September 1963
The following events occurred in September 1963:
[September 1], 1963 (Sunday)
- An unidentified visitor to Lenin's Mausoleum, in Moscow, entered the shrine with a bomb concealed under his coat, and then detonated the explosive, killing himself and causing an unspecified amount of damage and injuries. The event was not reported in the Soviet press and would not be revealed until after the breakup of the Soviet Union.
- At the annual meeting of the Quebec wing of the Social Credit Party of Canada in Granby, Quebec, delegates voted to form a new party. However, the Ralliement créditiste du Québec would not come into being until 1970.
- The Commonwealth Marriage Act 1961 took full effect in Australia, creating a national law regulating marriage, divorce and domestic relations and superseding individual state laws.
- About 100,000 people in two Japanese cities demonstrated against the presence of American nuclear submarines.
- Kilkenny GAA defeated Waterford GAA in the 1963 All-Ireland Senior Hurling Championship Final at Croke Park, Dublin.
- Australian driver Jack Brabham won the Austrian Grand Prix at Zeltweg Airfield.
[September 2], 1963 (Monday)
- U.S. TV presenter Walter Cronkite introduced the first broadcast of CBS Evening News with the statement, "Good evening from our CBS newsroom in New York, on this, the first broadcast of network television's first half-hour news program." The first show was aired at 6:30 p.m. local time and included a pre-recorded segment of Cronkite's interview with U.S. President John F. Kennedy. Previously, the three U.S. networks had run their daily national news for fifteen minutes. NBC would inaugurate its half-hour news program a week later, although ABC would not follow suit until 1967.
- Died: Fazlollah Zahedi, 70, Prime Minister of Iran from 1953 to 1955
[September 3], 1963 (Tuesday)
- The United States federal minimum wage was increased to $1.25 an hour.
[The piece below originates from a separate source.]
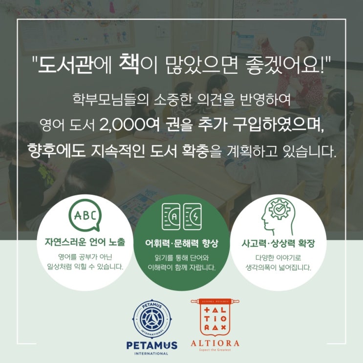 안녕하세요. ALTIORA / PETAMUS입니다. 학부모님들의 도서관에 책이 더 많았으면 좋겠어요! 라는 소중한 의견을 반영하여 영어 도서 2,000여 권을 추가 구입했으며, 앞으로도 지속적인 도서 확충을 이어갈 예정입니다. 책을 많이 갖추는 일은 단순한 ‘양’이 아니라, 아이들이 영어를 자연스럽게 만나는 시간과 기회를 늘려주는 교육 환경 조성입니다. 특히 유아·아동 시기에는 이야기 속에서 반복적으로 언어를 접할 때 영어가 ‘공부’가 아닌 ‘경험’으로 자리 잡습니다. 이번 도서 확충을 통해 기대하는 교육적 효과는 다음과 같습니다. 자연스러운 언어 노출 영어 표현을 생활처럼 익히며 듣기·말하기의 바탕이 단단해집니다. 어....... <img src="https://blogthumb.pstatic.net/MjAyNjAyMDJfMTgg/MDAxNzcwMDAyMDY4NTIz.FwaGYYON2VwxPFn6Iq9fIVjzZ6SJi_CmaA4W2ZsWBmUg.PUsuXk1XRHYvCAUi_iwbthxWSZ9vq6FLIvt_9k6DAbIg.JPEG/IMG%A3%DF1378.JPG?type=s3" />

Fifty years later, the minimum wage would be $7.25 an hour.
- NASA's Mission Planning Coordination Group was established to review monthly activities in Gemini operations, network guidance and control, and trajectories and orbits, and to ensure the coordination of various Manned Spacecraft Center divisions concerned with Project Gemini mission planning.
- The Gemini Project Office suspended testing of the parachute recovery system until a drogue parachute could be added as a means of stabilizing the spacecraft during the last phase of reentry, at altitudes between and. Testing would resume in January.
- Jin Yong's wuxia novel Demi-Gods and Semi-Devils began its serialisation in the newspapers Ming Pao in Hong Kong and Nanyang Siang Pau in Singapore.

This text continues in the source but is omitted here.